L'éradication de la violence sexuelle n'est pas mission impossible selon l'ONU

La Représentante spéciale sur la lutte contre les violences sexuelles dans les conflits, Zainab Hawa Bangura. Photo: ONU/Jean-Marc Ferré

18 octobre 2012 – La Représentante spéciale sur la lutte contre les violences sexuelles dans les conflits, Zainab Hawa Bangura, a affirmé jeudi qu'il était possible d'éliminer la violence sexuelle dans les conflits à condition que les gouvernements fassent preuve de volonté politique forte et que les cadres juridiques soient mis en place pour poursuivre les auteurs de ce genre de crimes.

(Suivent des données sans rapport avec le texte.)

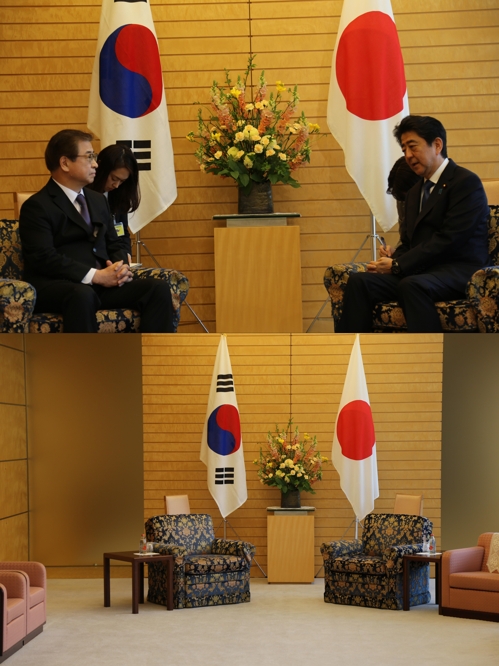 安倍首相と同じ椅子で平等に扱われたと大喜びする韓国メディア
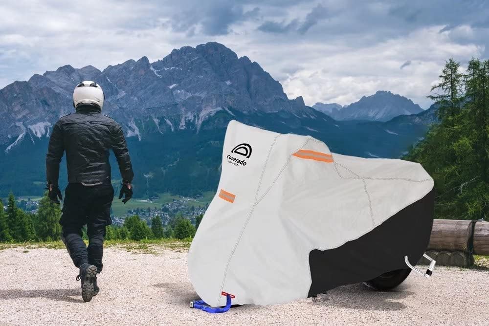 - All Season Waterproof & Windproof Protection: Coverado heavy duty motorcycle cover can handle it all no matter hot sun or cold weather. The strengthful material keeps your car safe from UV rays, snow, frost, rain, sand, dust, leaves, branches and birds dropping.

« Aussi redoutable que ce défi semble être, je ne pense pas que l'éradication de la violence sexuelle dans les conflits soit une mission impossible », a estimé Mme Bangura lors d'une conférence de presse à Genève.

« Nous disposons des outils nécessaires pour lutter contre ce fléau, mais nous avons également besoin de la volonté politique nécessaire pour mettre en œuvre les résolutions du Conseil de sécurité et un engagement des gouvernements pour les faire appliquer », a-t-elle ajouté.

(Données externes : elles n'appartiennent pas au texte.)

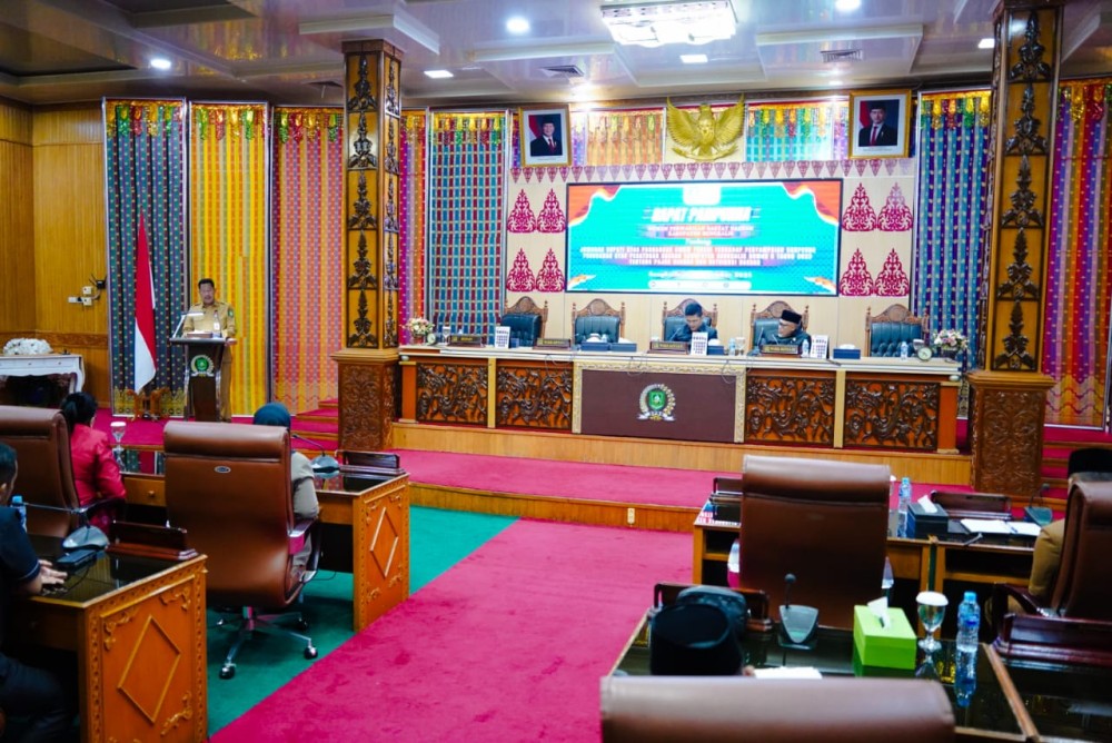 Suarasatu.co, Bengkalis – Pemerintah Kabupaten (Pemkab) Bengkalis, melalui Staf Ahli Bupati Bidang Pemerintahan, Hukum, dan Politik, Ed Efendi, menyampaikan jawaban atas pandangan umum fraksi DPRD terkait Rancangan Peraturan Daerah (Ranperda) perubahan atas Perda Nomor 8 Tahun 2023 tentang Pajak Daerah dan Retribusi Daerah. Rapat paripurna berlangsung di Ruang Sidang DPRD Bengkalis, Senin (8/9/2025) malam.

Mme Bangura a établi une liste de ses six priorités pour l'exercice de sa nouvelle fonction, dont la fin de l'impunité pour les criminels et la justice pour les victimes, la protection et l'autonomisation des femmes affectées, le renforcement de la volonté politique pour lutter contre la violence sexuelle, la coordination de l'action de la communauté internationale, le reconnaissance du viol comme arme de guerre et l'encouragement de la recherche de solutions au niveau local.

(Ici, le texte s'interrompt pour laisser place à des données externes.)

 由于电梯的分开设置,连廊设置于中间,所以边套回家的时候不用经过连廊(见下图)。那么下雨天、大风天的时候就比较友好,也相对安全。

« La violence sexuelle dans les conflits doit être traitée pour ce que c'est, un crime de guerre. Il n'est plus possible de la considérer comme un dommage collatéral malheureux ou un symptôme inévitable des conflits », a souligné Mme Bangura.

La Représentante spéciale a également souligné que la violence sexuelle dans les conflits est un phénomène qui n'affecte plus seulement les femmes, puisque de plus en plus d'hommes et de garçons sont victimes de ce type de violations.

Mme Bangura a également affirmé que ce problème ne se limite pas à une région du monde en particulier, mais qu'il se produit partout et qu'il est temps de d'accorder plus d'attention à la poursuite des auteurs de ces crimes plutôt que de stigmatiser les victimes.

« Nous devons travailler davantage avec les gouvernements nationaux. Nous devons les encourager et les obliger à prendre un rôle central pour mettre en place un cadre national capable d'assurer que les auteurs sont poursuivis et que les victimes soient entendues », a indiqué Mme Bangura.